> **Source data**:
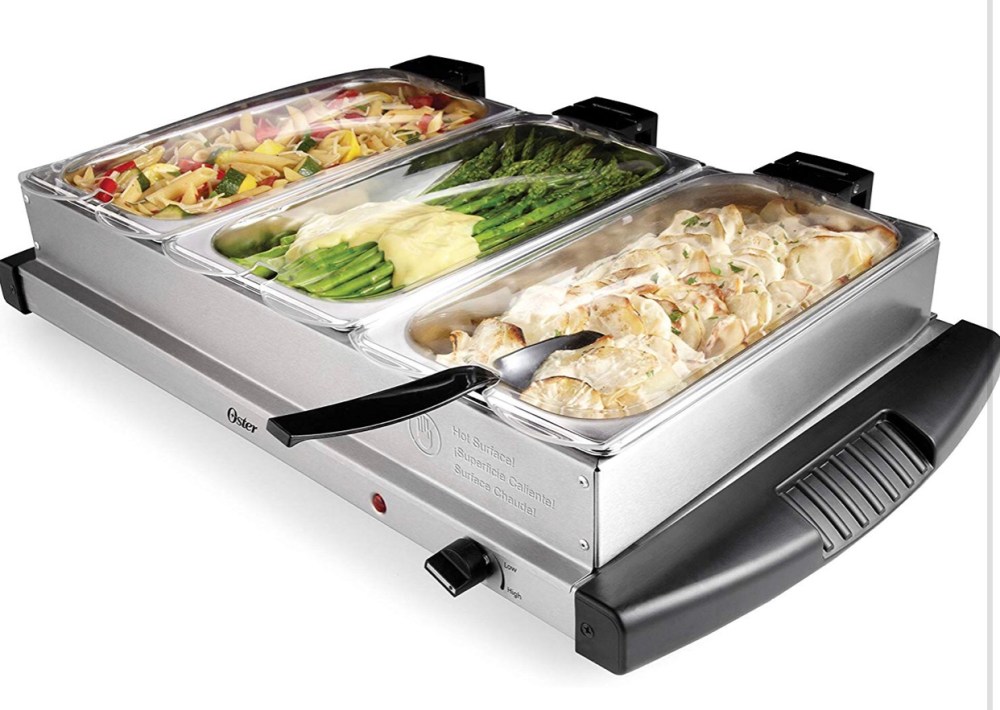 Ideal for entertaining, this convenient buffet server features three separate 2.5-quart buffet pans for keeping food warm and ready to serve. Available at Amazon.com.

---

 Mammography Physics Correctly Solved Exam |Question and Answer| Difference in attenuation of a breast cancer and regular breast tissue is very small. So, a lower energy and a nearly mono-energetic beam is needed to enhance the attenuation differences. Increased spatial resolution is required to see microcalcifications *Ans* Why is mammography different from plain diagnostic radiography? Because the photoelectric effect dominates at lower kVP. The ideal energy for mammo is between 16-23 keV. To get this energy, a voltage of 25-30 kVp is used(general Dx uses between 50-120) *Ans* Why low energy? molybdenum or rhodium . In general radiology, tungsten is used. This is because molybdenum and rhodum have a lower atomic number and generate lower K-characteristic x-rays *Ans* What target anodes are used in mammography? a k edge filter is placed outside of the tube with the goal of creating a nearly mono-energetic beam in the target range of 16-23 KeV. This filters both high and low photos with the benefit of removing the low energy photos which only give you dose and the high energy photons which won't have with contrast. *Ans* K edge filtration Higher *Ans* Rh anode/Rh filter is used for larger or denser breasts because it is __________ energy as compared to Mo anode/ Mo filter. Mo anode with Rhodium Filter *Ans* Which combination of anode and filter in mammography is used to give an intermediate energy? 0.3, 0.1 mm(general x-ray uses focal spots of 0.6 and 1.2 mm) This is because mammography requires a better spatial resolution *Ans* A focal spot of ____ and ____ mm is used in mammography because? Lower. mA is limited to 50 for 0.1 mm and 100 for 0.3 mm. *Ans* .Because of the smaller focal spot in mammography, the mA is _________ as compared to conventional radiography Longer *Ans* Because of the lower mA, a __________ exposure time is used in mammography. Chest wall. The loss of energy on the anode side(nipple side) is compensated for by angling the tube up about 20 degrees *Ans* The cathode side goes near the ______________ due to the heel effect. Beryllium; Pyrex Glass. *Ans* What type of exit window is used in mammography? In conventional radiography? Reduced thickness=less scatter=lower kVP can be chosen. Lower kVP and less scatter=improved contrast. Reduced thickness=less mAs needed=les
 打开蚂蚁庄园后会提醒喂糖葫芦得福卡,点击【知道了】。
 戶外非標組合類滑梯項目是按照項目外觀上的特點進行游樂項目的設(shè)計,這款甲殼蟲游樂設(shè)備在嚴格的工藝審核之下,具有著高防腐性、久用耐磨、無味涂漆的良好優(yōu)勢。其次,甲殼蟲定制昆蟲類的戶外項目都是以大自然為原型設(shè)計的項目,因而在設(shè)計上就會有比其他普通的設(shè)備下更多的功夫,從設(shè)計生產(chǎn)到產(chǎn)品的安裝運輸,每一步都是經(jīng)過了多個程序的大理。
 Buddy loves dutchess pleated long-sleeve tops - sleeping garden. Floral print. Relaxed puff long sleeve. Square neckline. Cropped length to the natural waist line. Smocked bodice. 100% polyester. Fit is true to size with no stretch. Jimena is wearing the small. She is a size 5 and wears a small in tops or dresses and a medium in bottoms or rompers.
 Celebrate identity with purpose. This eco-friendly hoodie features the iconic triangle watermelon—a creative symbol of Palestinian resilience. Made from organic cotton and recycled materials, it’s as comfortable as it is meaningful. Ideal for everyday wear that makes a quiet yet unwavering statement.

> **What you should do**:
Within the listing above, extract exactly the lines from the line with "打开蚂蚁庄园后会提醒喂糖葫芦得福卡,点击【知道了】。" to the line with "Buddy loves dutchess", the two named lines included, and no others.

> **Solution to this exercise**:
 打开蚂蚁庄园后会提醒喂糖葫芦得福卡,点击【知道了】。
 戶外非標組合類滑梯項目是按照項目外觀上的特點進行游樂項目的設(shè)計,這款甲殼蟲游樂設(shè)備在嚴格的工藝審核之下,具有著高防腐性、久用耐磨、無味涂漆的良好優(yōu)勢。其次,甲殼蟲定制昆蟲類的戶外項目都是以大自然為原型設(shè)計的項目,因而在設(shè)計上就會有比其他普通的設(shè)備下更多的功夫,從設(shè)計生產(chǎn)到產(chǎn)品的安裝運輸,每一步都是經(jīng)過了多個程序的大理。
 Buddy loves dutchess pleated long-sleeve tops - sleeping garden. Floral print. Relaxed puff long sleeve. Square neckline. Cropped length to the natural waist line. Smocked bodice. 100% polyester. Fit is true to size with no stretch. Jimena is wearing the small. She is a size 5 and wears a small in tops or dresses and a medium in bottoms or rompers.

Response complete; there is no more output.